If you see something, say something. If you are present when someone is being sexually harassed, it is the same as standing by when someone is being bullied. It is important to isolate the offender and show that the victim has widespread support. When that happens, the harasser will typically end the behavior. You do not do your employer or academic institution any favor by allowing this to continue. It may ultimately end in a lawsuit with significant monetary damages and/or vilification in the press.
In most instances of sexual harassment, the victims are in a less powerful position than the harassers. This can be true in the workplace, an academic institution, or even among friends. Don’t feel that you have to play along, instead try first to distance yourself by walking away and not responding. If that fails, make it clear privately to the harasser that you are offended. If the harassment is being conducted publicly, respond in a cool, professional and calm manner in that same public space.

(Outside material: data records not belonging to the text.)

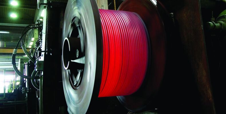 Quelle: Steeltec Bildtext: Stahldraht-Coil nach der Bearbeitung im Warmwalzwerk. Die eingesetzten Drahtringe werden aneinandergeschweißt und das zu fertigende Profil wird in einer Grundeinstellung gefertigt. (Foto: Steeltec)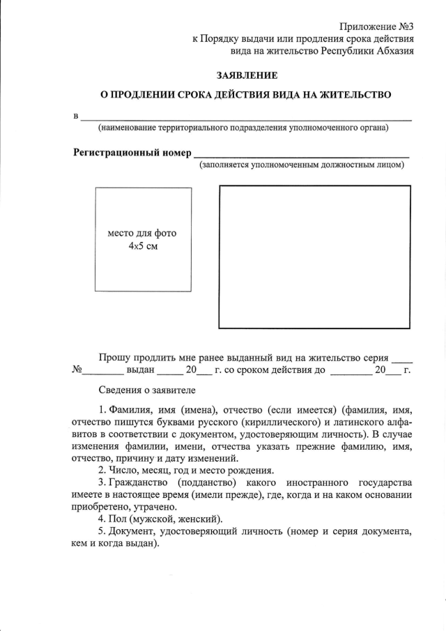Постановление Кабинета Министров Республики Абхазия от 30.03.2017 № 33 "Об утверждении формы бланка документальной книжки вида на жительство Республики Абхазия и его описания, порядка выдачи или продления срока действия вида на жительство Республики Абхазия и формы заявления о выдаче или продлении срока действия вида на жительство Республики Абхазия"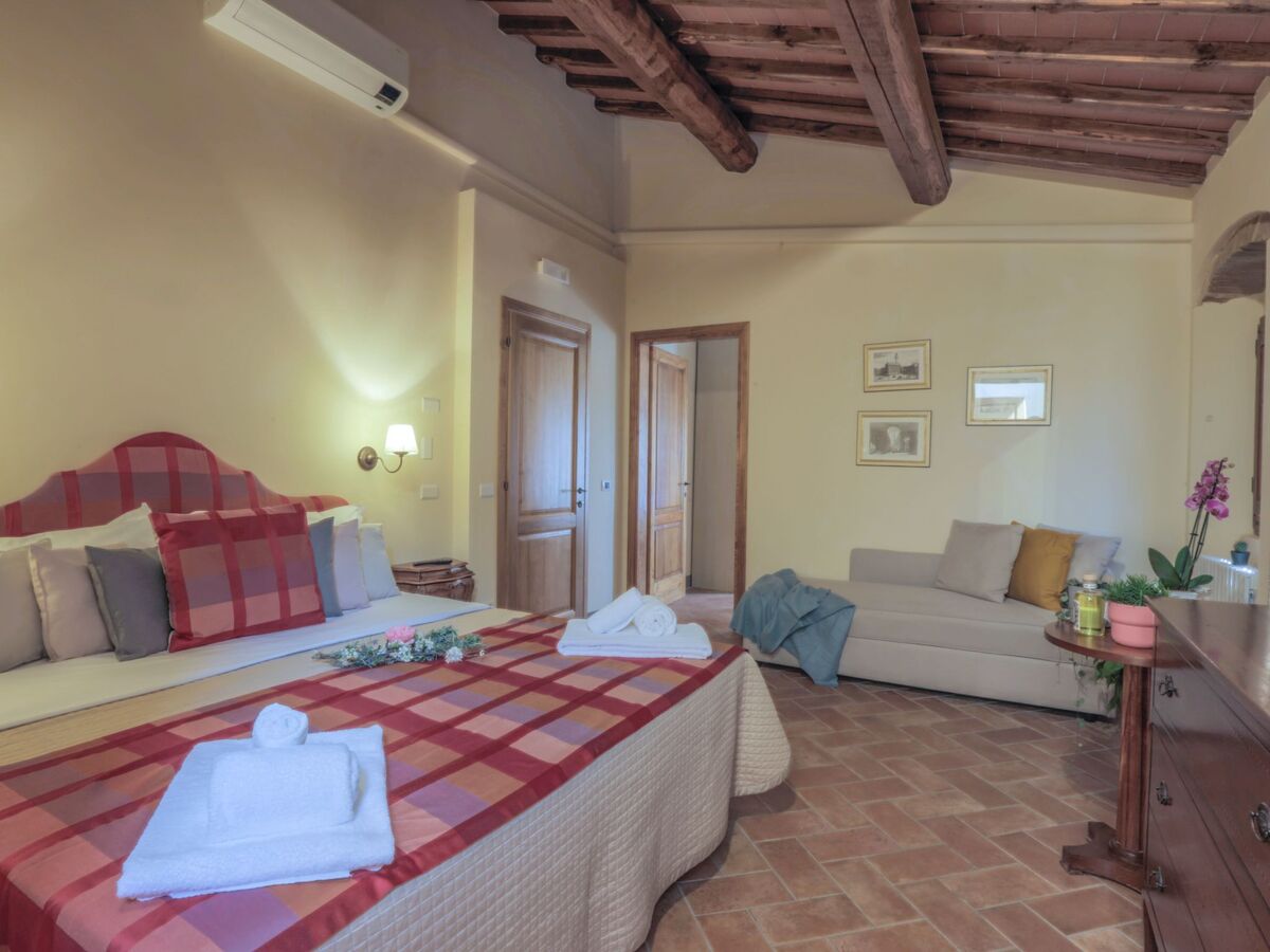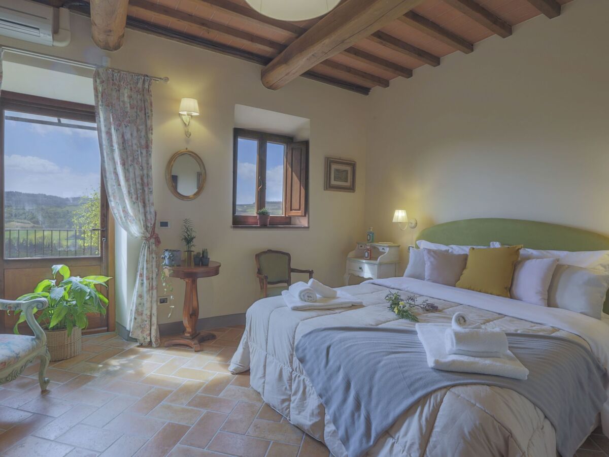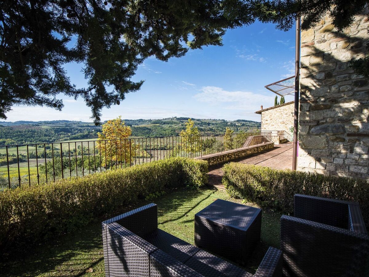 À l'extérieur, vous pourrez profiter de grands espaces verts, d'une terrasse panoramique avec vue sur les collines du Chianti, d'une salle à manger extérieure, d'un espace de relaxation, d'un solarium et de l'ouverture saisonnière de la piscine et du jacuzzi de mai à octobre.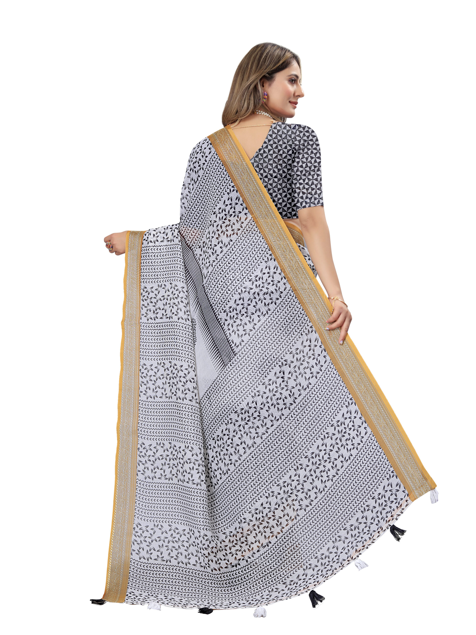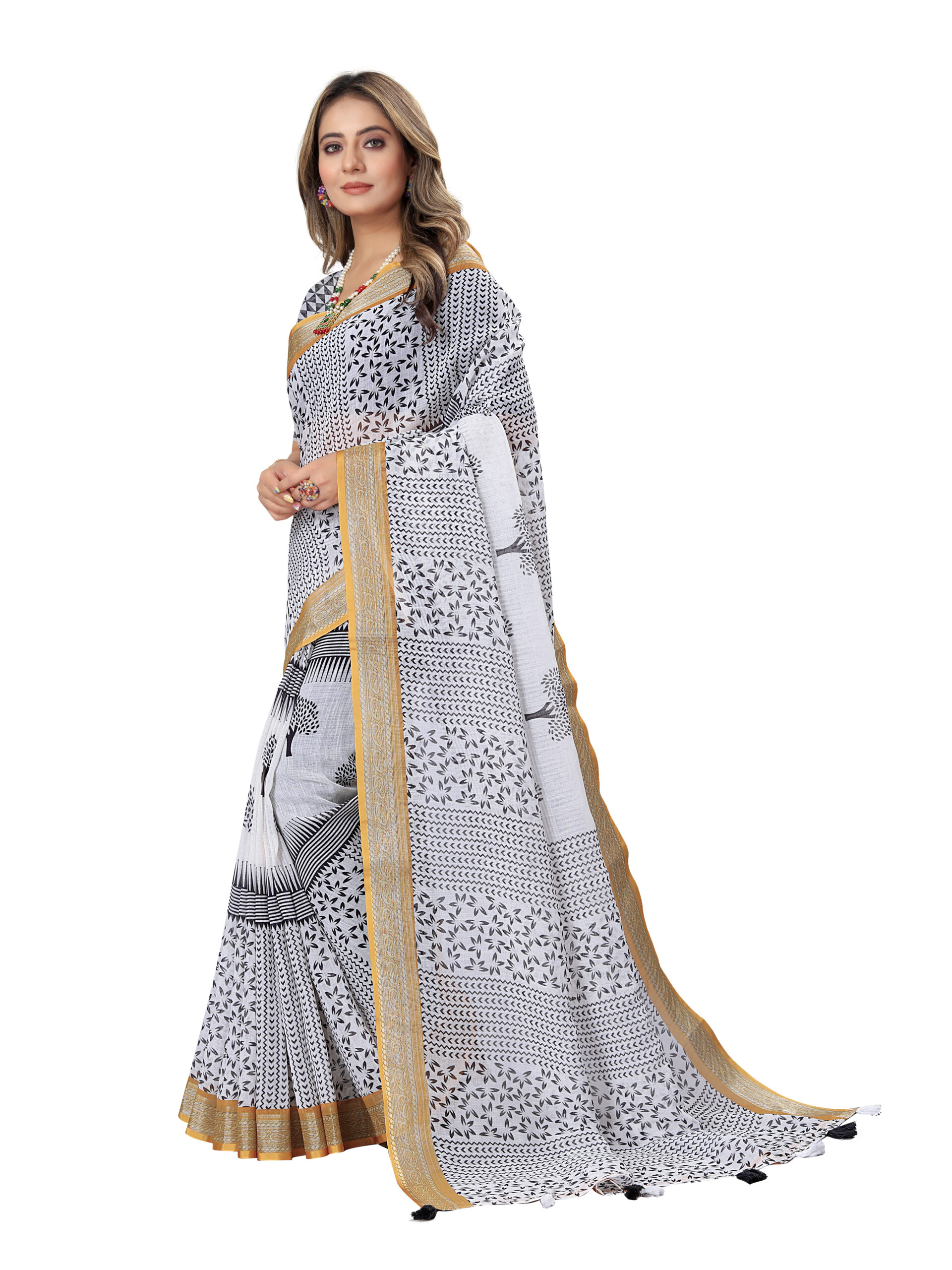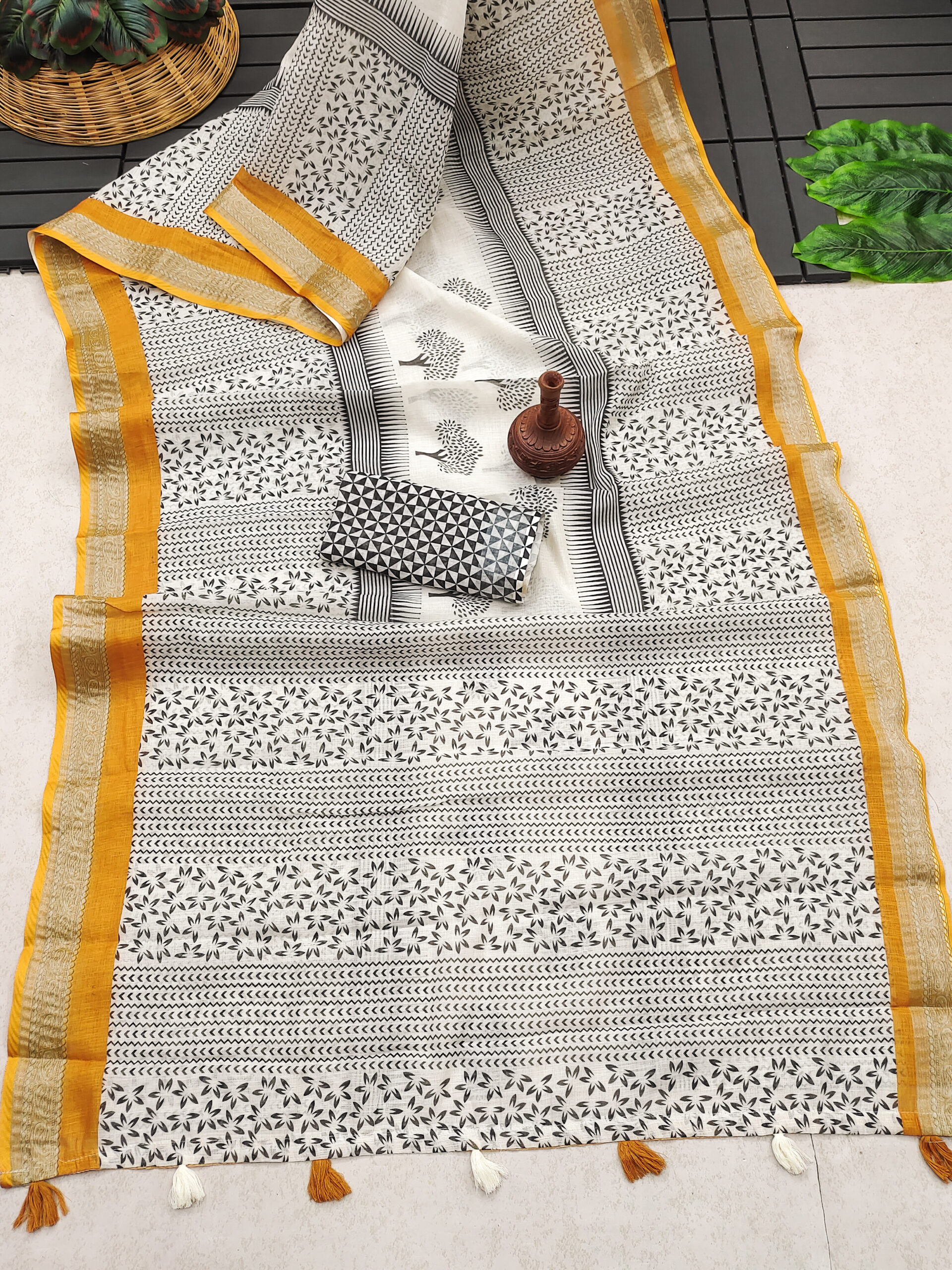 This graceful linen cotton saree with a monochrome black and white pattern, featuring delicate leafy and geometric motifs that create a timeless, elegant look. The pallu showcases a subtle yet artistic touch with black tree prints on a white base, adding an element of nature-inspired sophistication. A golden mustard border with silver detailing beautifully frames the saree, lending a refined contrast that enhances its charm. The accompanying blouse piece complements the saree with a striking black-and-white geometric design, balancing tradition with modern aesthetics. Finished with tassel details along the border, this saree is perfect for casual elegance or cultural gatherings.
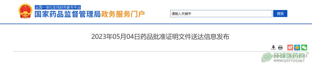 5月4日,國家藥監(jiān)局發(fā)布最新藥品批準(zhǔn)證明文件。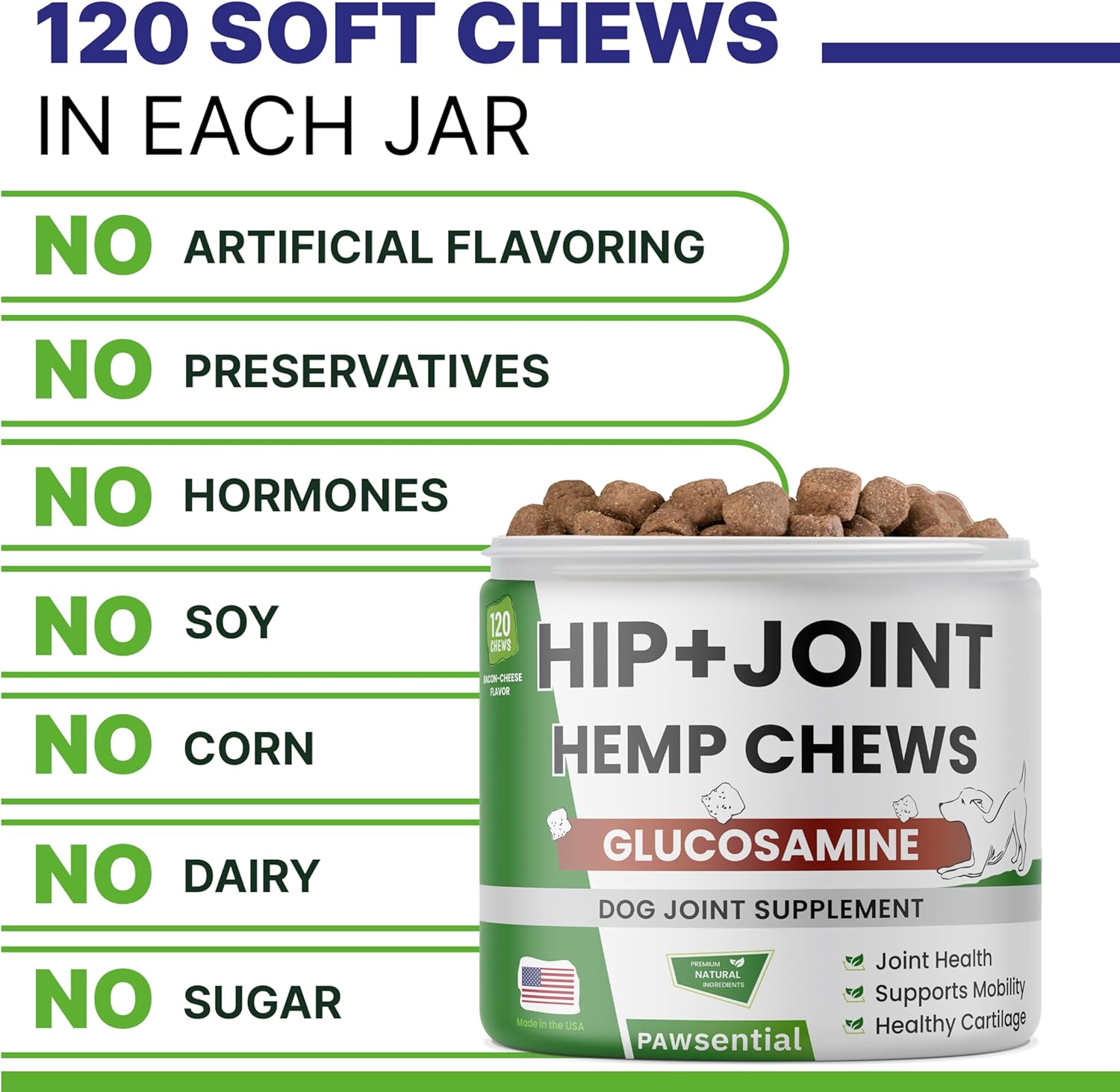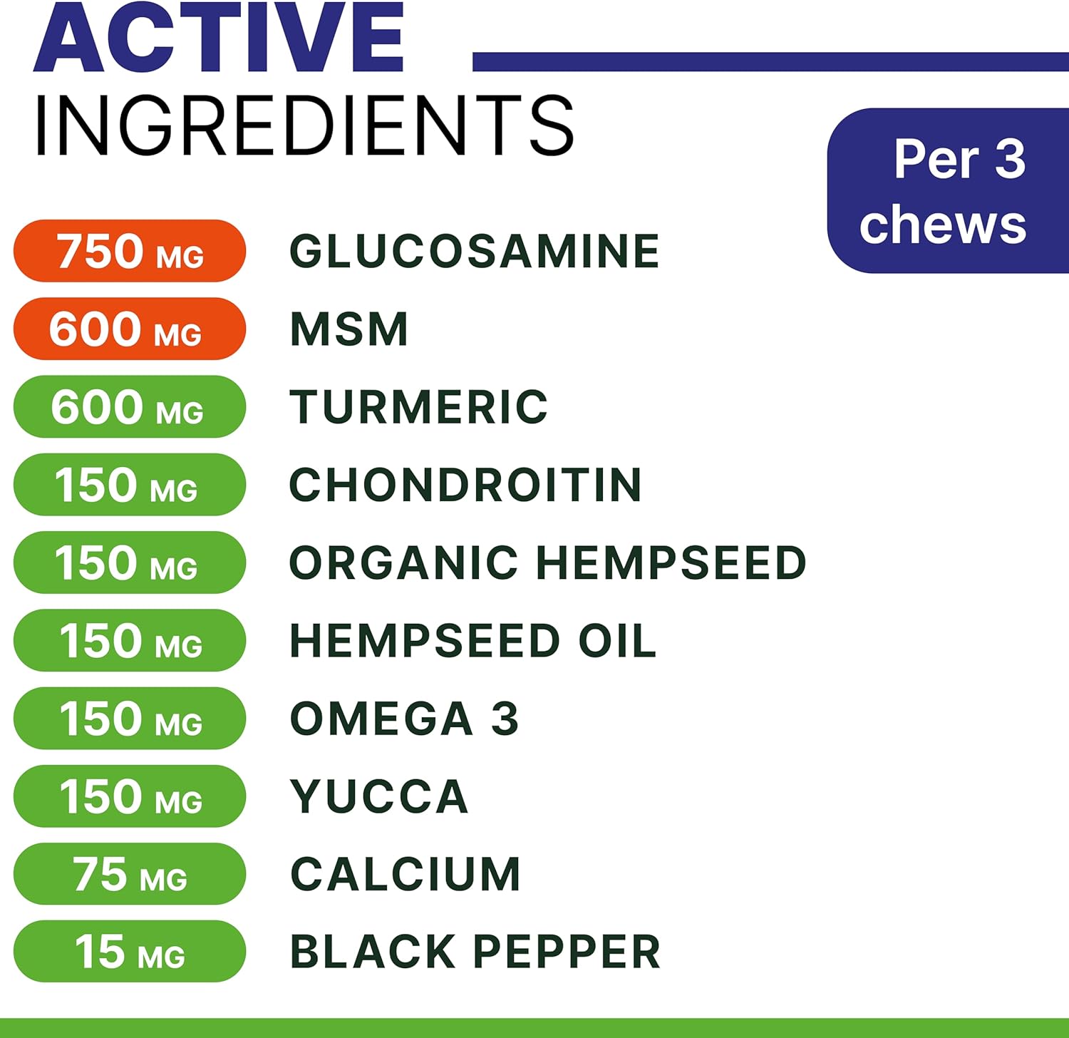 Hemp Chews for Dogs Hip and Joint Pain Relief β Our advanced hemp joint supplement for dogs with glucosamine chondroitin aid joint health and ease arthritis pain. Plus, our soft chews have hemp oil and MSM for anti-inflammatory benefits.

Once this type of thing begins, it often continues if it is not stopped. Continuous sexual harassment can wear down the victim causing depression, anxiety, and stress. These in turn can cause your work to decline, your grades to suffer, and your relationships to unravel. It is absolutely unnecessary for this to happen as there are numerous professionals out there to provide assistance. If the harassment is aggressive enough, you may recover lost wages, future wages, and compensation for other types of damages from either the harasser, the employer or both.
There was a time that sexual harassment was considered funny, joked about in movies, television, and in comedy routines. The reality, even then, was not humorous for the victims. If you are being sexually harassed, no one will think it is a joke anymore. You should feel confident and secure in the knowledge that you have the power to stop the behavior and seek redress if you have suffered as a result.